A research team from the University of Córdoba has achieved substances that enhance the antioxidant benefits of food and pharmaceutical products from remnants of the coffee industry.

In a process where the so-called ‘green’ solvents apply, los expertos desarrollan un método más rápido y eficiente para la extracción de estos componentes.

The research group seeks to give value to coffee waste by recovering these healthy substances and minimizing the generation of waste.

Thus, in a study published by the magazine Separation and Purification Technology, the researchers show that solvents called supramolecular, allow to obtain extracts rich in value-added compounds for other industries from food waste at a low cost and quickly.

Supramolecular solvents (SUPRAS) are liquids with a tiny internal structure, formed by aggregates the size of microns or nanometers, a diameter one thousand times smaller than the thickness of a hair.

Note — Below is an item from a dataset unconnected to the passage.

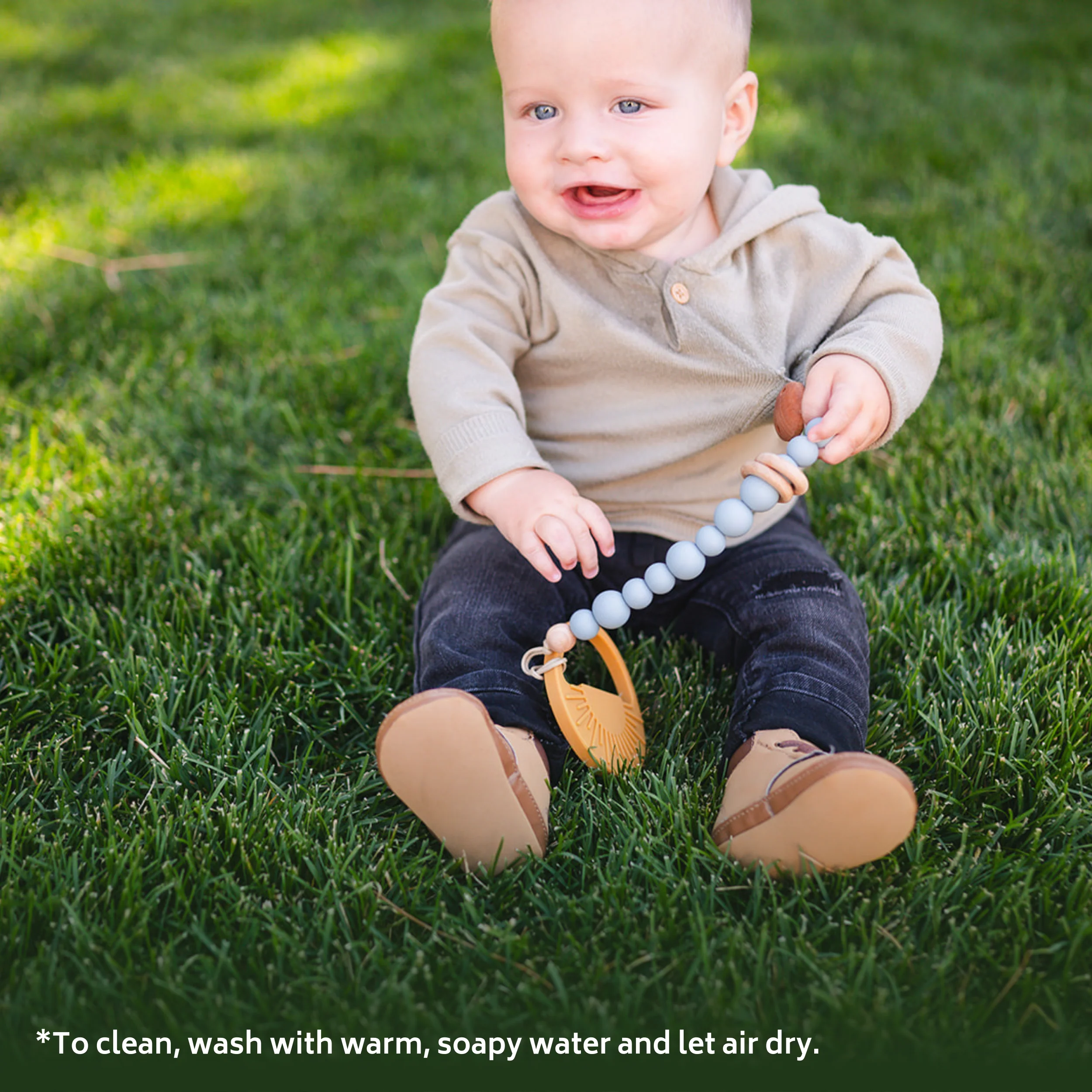 What's Included: 1 Silicone Bead & Wood Ring Pacifier Clip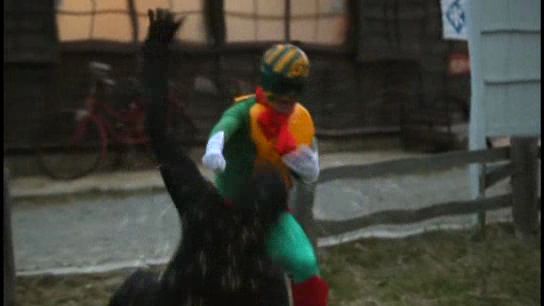 交通號誌痴漢哥生性好色,所以抓個無辜美女來上下其手就能引他出來啦!不過終究邪不勝正,為了省底片壞人們只好被一拳斃命。所幸女魔頭逃跑得快,免於淪為交通號誌痴漢哥鹹豬手的祭品。不過一旁的良家婦女可就沒那麼好運囉!

Their synthesis is very simple and inexpensive, they have low toxicity and are sustainable, since they can be obtained from renewable sources. Ingredients that are widely used in food and cosmetics are used to facilitate their use in these industries.

The supramolecular term was coined by this research team and is now used by the entire scientific community. “They are also known as 'green' or 'smart' solvents since, in addition, they have the ability to modify in the presence of an external stimulus, such as temperature or the addition of salts, and return to their natural state once It recovers its initial characteristics.

This allows them to be very functional and versatile, ”says the researcher of the University of Córdoba Ana Ballesteros, co-author of the article.

In addition, the extracts obtained from the coffee residues showed a high antioxidant capacity and antimicrobial effects suitable for use as supplements in food and cosmetics.

“The extraction with SUPRAS offers fast, simple and low-cost methods and has a high potential to be applied directly to the extraction of bioactive by-products from the food industry, como es el caso del café”, añade la investigadora.